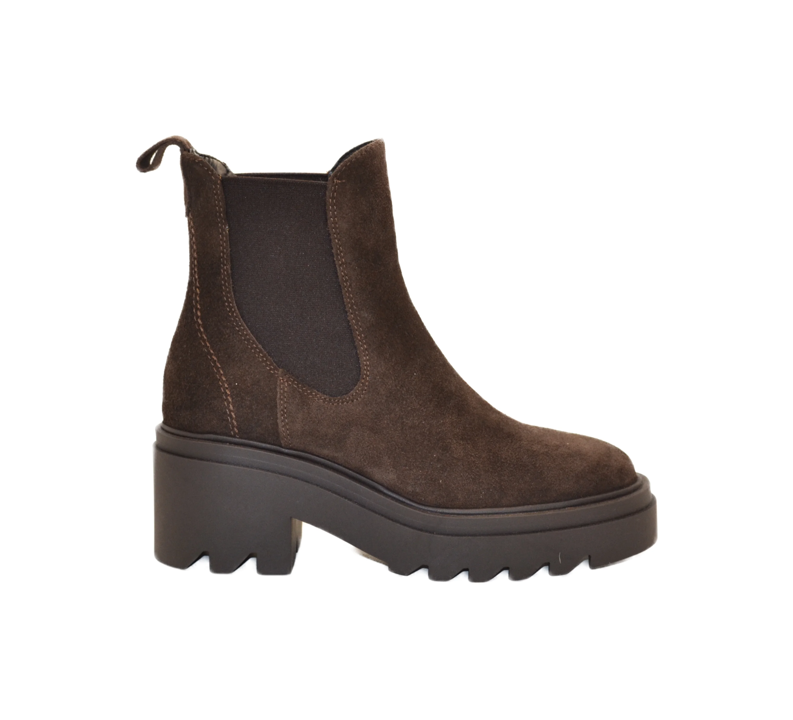 TRONCHETTO CON TACCO IN PELLE SCAMOSCIATA TESTA DI MORO
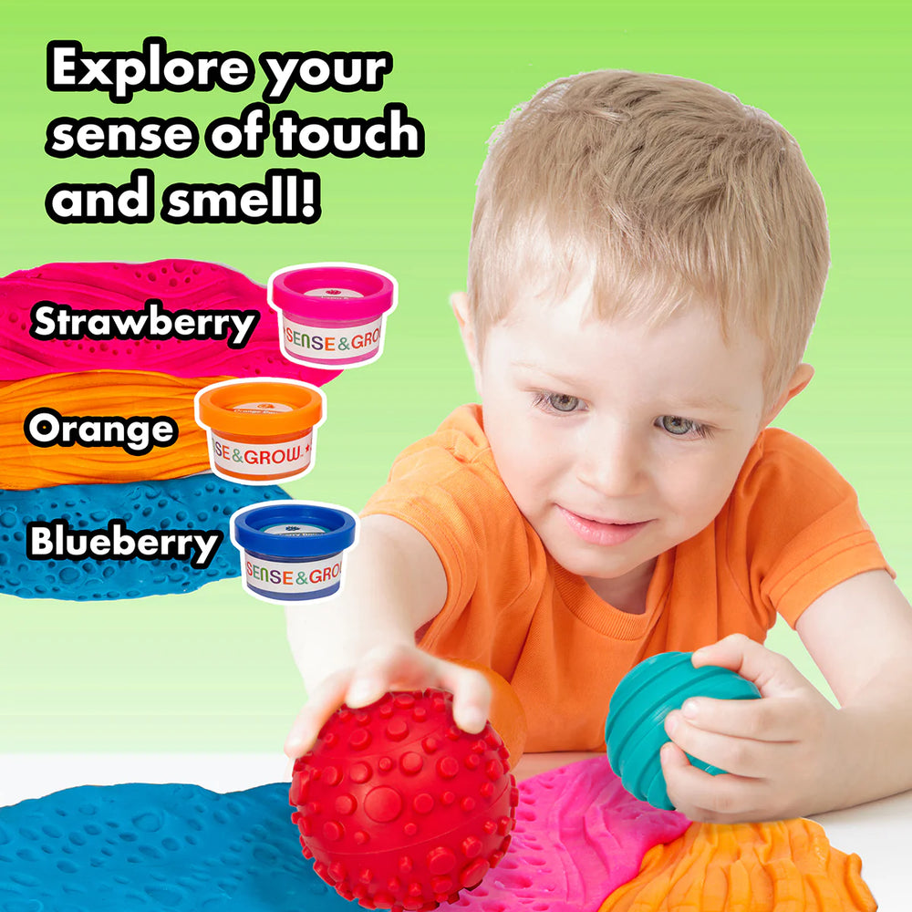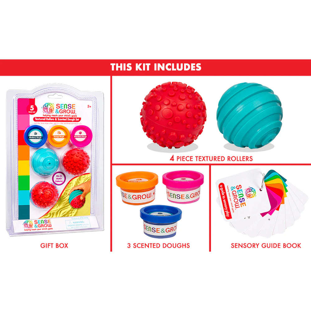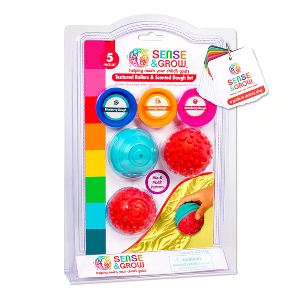 This is one of the most fun sets in the entire Sense & Grow line. The idea here is that children are working on various parts of their development as they play. This set is great for imaginative play, creative thinking, hand-eye coordination, and more! So, yes, they will be laughing, smiling, and having fun, but they will also be working on key skills as they do. The Sense & Grow Mix & Match Sensory Textured Rollers & Scented Dough Set comes with three different pots of child-safe dough. In keeping with the senses theme of this set, each pot has a different colour and scent. There is berry, orange, and strawberry. Each time they open a pot it is a real blast to the sense!
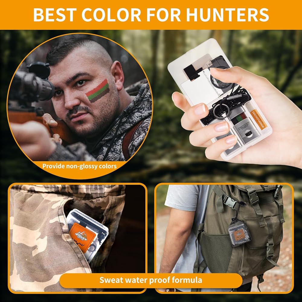 مجموعة طلاء الوجه المموه، طلاء وجه صيد مقاوم للماء والعرق، تتضمن عبوتين من مكياج الصيد المموه، ومرآة حمل، وبوصلة، وحلقة على شكل حرف D، وحاوية تخزين صغيرة وحقيبة شبكية برباط
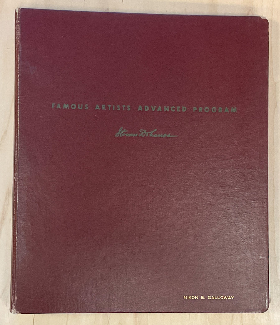 The Famous Artists School's Advanced Program which started in 1948 consisted of eleven separate volumes/binders each written and illustrated by a different faculty member (John Atherton, Austin Briggs, Stevan Dohanos, Robert Fawcett, Peter Helck, Fred Ludekens, Al Parker, Norman Rockwell, Ben Stahl, Harold Von Schmidt, Jon Whitcomb). It only lasted for a few years before school president Albert Dorne cancelled the program due to low enrollment and had all the material incinerated (according to an instructor at the school at the time) resulting in the scarcity of the remaining volumes.
--
*Task brief*: Would you output the listing above verbatim, without its pictures?

*Answer area*:
 TRONCHETTO CON TACCO IN PELLE SCAMOSCIATA TESTA DI MORO
 This is one of the most fun sets in the entire Sense & Grow line. The idea here is that children are working on various parts of their development as they play. This set is great for imaginative play, creative thinking, hand-eye coordination, and more! So, yes, they will be laughing, smiling, and having fun, but they will also be working on key skills as they do. The Sense & Grow Mix & Match Sensory Textured Rollers & Scented Dough Set comes with three different pots of child-safe dough. In keeping with the senses theme of this set, each pot has a different colour and scent. There is berry, orange, and strawberry. Each time they open a pot it is a real blast to the sense!
 مجموعة طلاء الوجه المموه، طلاء وجه صيد مقاوم للماء والعرق، تتضمن عبوتين من مكياج الصيد المموه، ومرآة حمل، وبوصلة، وحلقة على شكل حرف D، وحاوية تخزين صغيرة وحقيبة شبكية برباط
 The Famous Artists School's Advanced Program which started in 1948 consisted of eleven separate volumes/binders each written and illustrated by a different faculty member (John Atherton, Austin Briggs, Stevan Dohanos, Robert Fawcett, Peter Helck, Fred Ludekens, Al Parker, Norman Rockwell, Ben Stahl, Harold Von Schmidt, Jon Whitcomb). It only lasted for a few years before school president Albert Dorne cancelled the program due to low enrollment and had all the material incinerated (according to an instructor at the school at the time) resulting in the scarcity of the remaining volumes.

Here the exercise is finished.